A work environment that fosters eustress has a positive correlation, with a value of +0.1572, indicating its beneficial impact on employee well-being This effect extends to job performance, suggesting that a supportive work atmosphere indirectly enhances performance through the promotion of eustress These findings align with Kohun's hypothesis regarding the relationship between work environment and job efficiency.
This study, conducted in 1992, reaffirms previous findings by Navia and Veitch (2003), McGuire and McLaren (2009), Jain & Kaur (2014), and Nguyen Huu Thu (2009), highlighting that a positive environment significantly influences individuals' thinking.
Organizations in Hochiminh City must prioritize the enhancement of both physical and psychological working conditions to foster eustress among employees This includes improving cultural factors, organizational behaviors, social dynamics, and mental well-being, all aimed at alleviating distress and promoting a positive work environment.
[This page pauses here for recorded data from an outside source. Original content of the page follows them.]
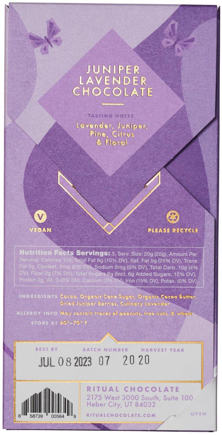Ritual Dark Chocolate Bar, Fleur De Sel 70% Cacao, Notes of Strawberries, Fudge & Sea Salt, 2.12 oz(Juniper Lavender 70%)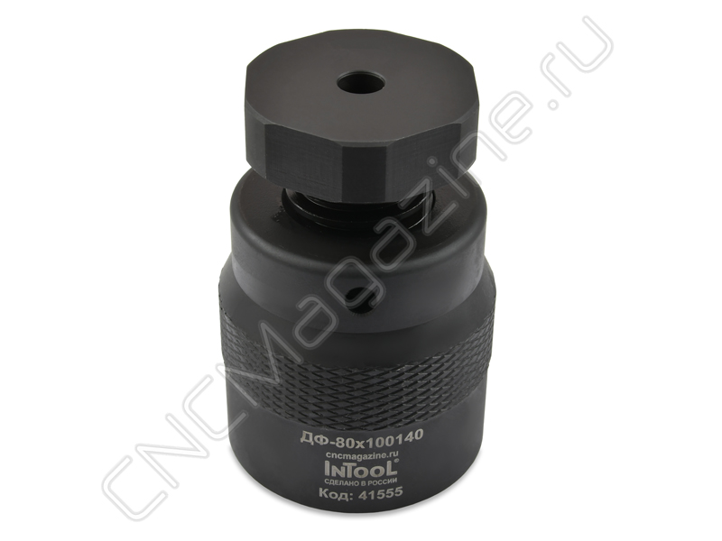 Домкрат (регулируемая подпорка) с плоской опорной поверхностью изготовлен из закаленной стали, с воронением. Трапецеидальная резьба винта самотормозящая Tr40x6, концевой предохранитель. Hmin 100 мм, Hmax 140 мм. Диаметр оснастки 77 мм. Диаметр отверстия на плоском торце винта 12 мм, для установки дополнительных аксессуаров.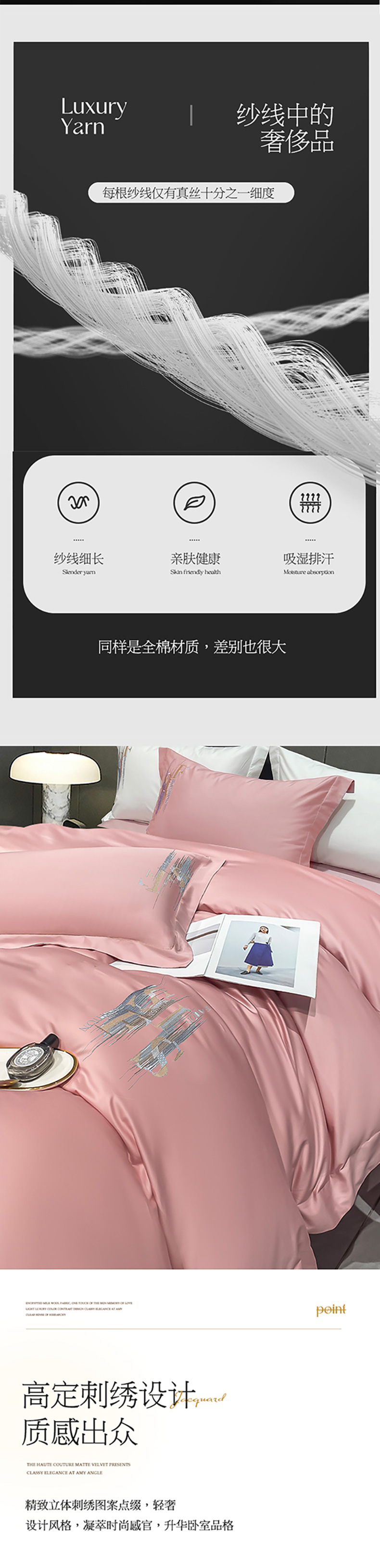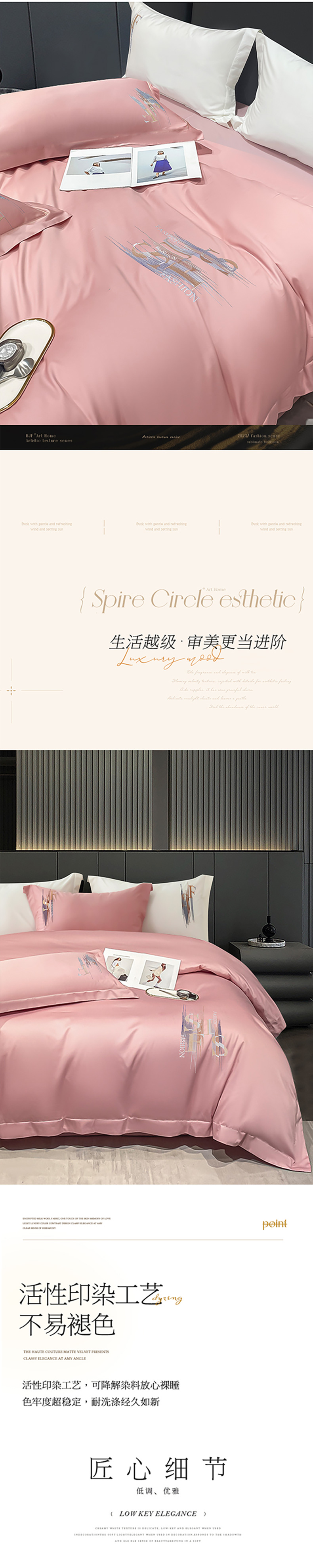 洽想家 2025新款100支长绒棉刺绣四件套--时光痕迹 时光痕迹-豆沙粉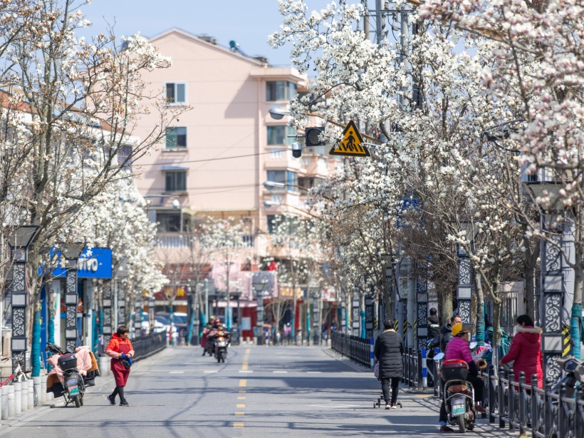 据了解,2019年张堰镇以新华路改造工程为契机,在原有基础上补栽60余株玉兰树,因此将玉兰街景扩展至道路全段,打造了现在看到的以玉兰花为主的特色景观街区。主要有白玉兰、紫玉兰、红玉兰等品种。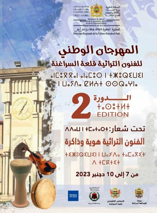 تنظم المديرية الجهوية للثقافة مراكش أسفي بشراكة مع عمالة إقليم قلعة السراغنة والمجلس الإقليمي وجماعة مدينة قلعة السراغنة فعاليات الدورة الثانية للمهرجان الوطني للفنون التراثية تحت شعار “الفنون التراثية..هوية وذاكرة” في الفترة الممتدة ما بين 7 و10 دجنبر 2023 بساحة جنان روما ودار الثقافة قلعة السراغنة.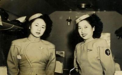 1929年,由美國寇蒂斯·賴特飛機公司與中國國民政府合作,成立了民國第一個家民航公司——中國航空公司(簡稱中航),但那時的飛機上還沒有空姐。(圖:1947年9月,中國航空公司第一空勤組的兩名空姐。)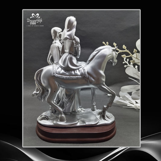 "Timeless Bond" โ Silver-Plated Couple with Horse Artistic Statue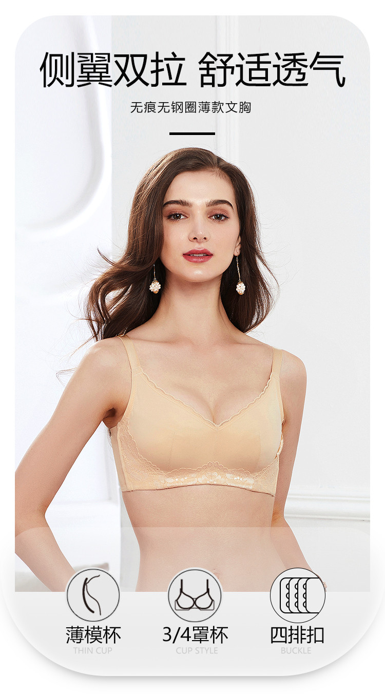 商品名称:【聚拢无痕】无钢圈薄杯舒适透气内衣夏季薄款侧收上托文胸罩 912971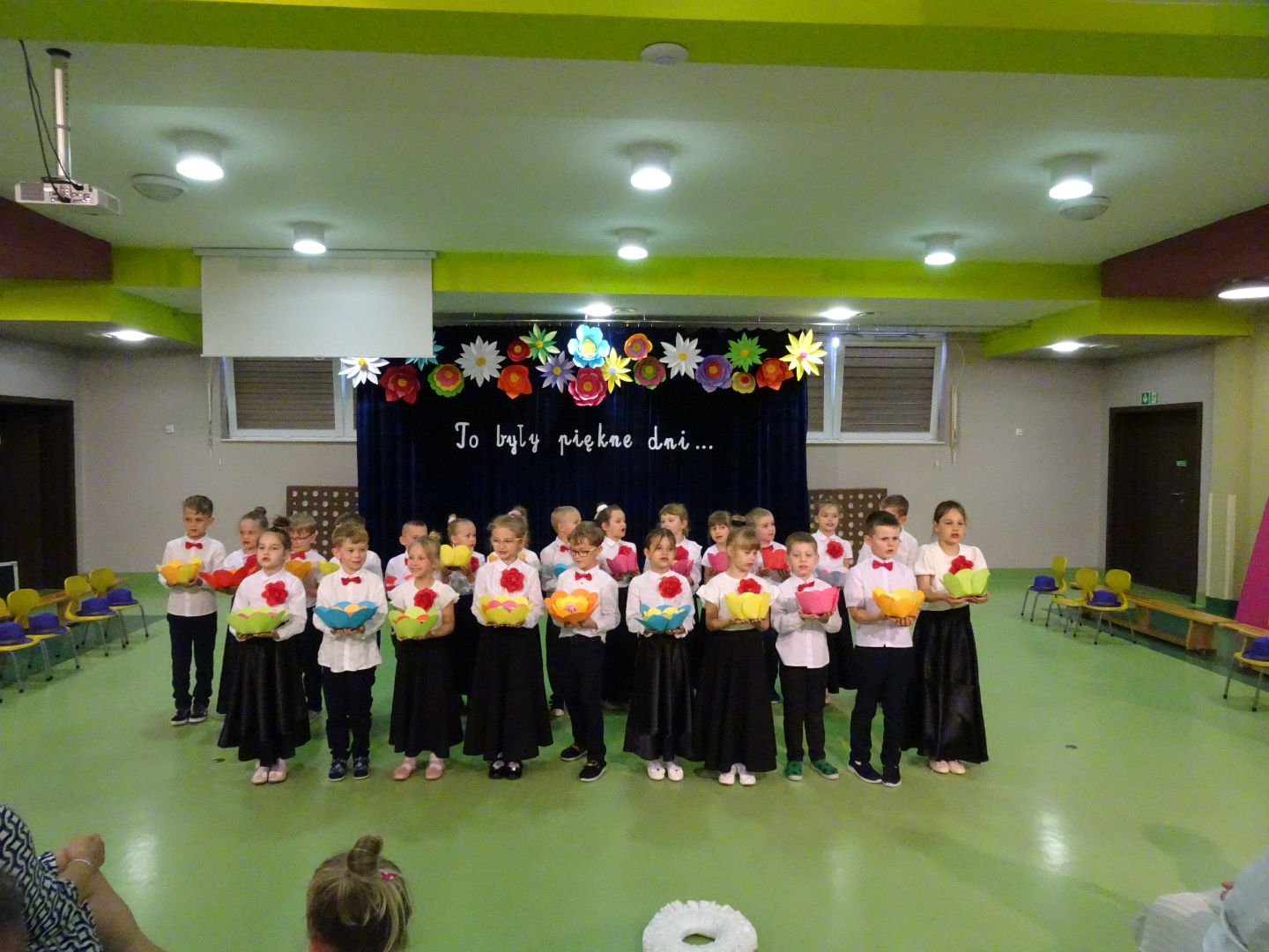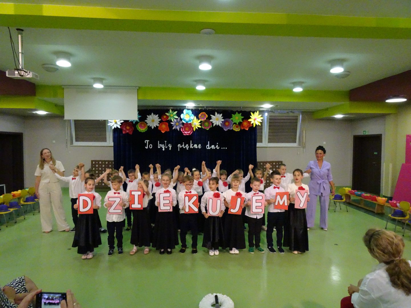 Za kilka dni Ananasy pofruną ku nowej przygodzie, pożegnali uroczyście swój pobyt w przedszkolu. Było pięknie, wzruszająco ale też radośnie i wesoło. Dzieci wspaniale sobie poradziły bo to już starszaki a nie maluszki, które przed laty na tej scenie dały swój pierwszy niesforny występ. Za nami cztery lata wspólnej zabawy, nauki, zmagań, rozmów problemów, czasem i kłótni, wspólnie rozwiązywanych zadań. To były lata bycia ze sobą, nawzajem siebie poznawania, wspólnych posiłkow, zabaw w ogrodzie, czasem łez ocierania. Dziękujemy wszystkim, którzy przyczynili się do wychowania i rozwoju tych dzieci, za pomoc, serce i opiekę. A my panie wychowawczynie życzymy samych sukcesów na szkolnej drodze!!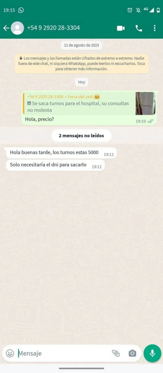 Hoy en redes sociales y en grupos de WhatsApp, la promoción de los "turneros" es cortita y al pie. "Saco turnos en el hospital, soy responsable y el turno es seguro", es parte del eslogan. El único requisito es que les den su Documento Nacional de Identidad.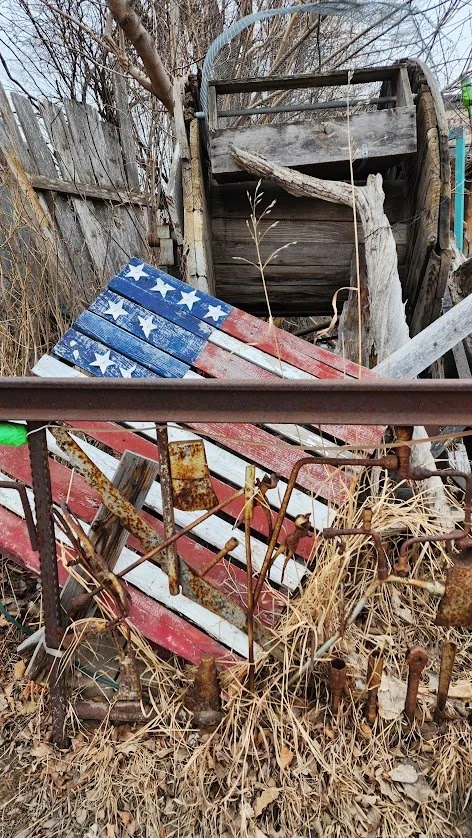 Old fence made of tools.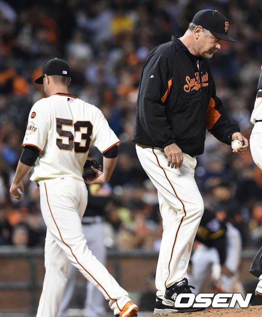 4회초 피츠버그 공격 2사 3루 상황 샌프란시스코 브루스 보치 감독이 선발 크리스 헤스턴을 교체하고 있다.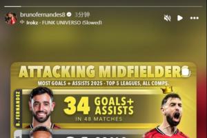 體育資訊12月29日訊 B費更新社媒,曬出自己在2025年五大聯(lián)賽進攻型中場進球+助攻數(shù)據的排名,他本人以35次進球+助攻位列榜首!

This chapter highlights the crucial role of eustress as a predictor of job performance, revealing significant correlations between eustress, job performance, work environment, and self-efficacy Respondents with higher eustress levels tend to exhibit enhanced job performance, with eustress accounting for 17.4% of the variance in job performance, showing statistical significance Despite existing research on eustress's impact on job performance, particularly in academic settings, there remains a lack of comprehensive studies Many investigations focus solely on the negative aspects of stress, often overlooking the positive influence of eustress These findings contribute significantly to understanding job performance, particularly regarding eustress's mediating role in the relationship between self-efficacy, work environment, and job performance.
Chapter summary
This chapter presents the findings from the assessment of the measurement model, evaluation of the construct model, and mediation analysis The results demonstrate that most indicators and latent variables are both reliable and valid, confirming that the proposed research model aligns with the collected data Additionally, all four hypotheses put forth in the study have been accepted The following chapter will provide a summary of the study, discuss managerial implications, identify limitations, and suggest avenues for future research.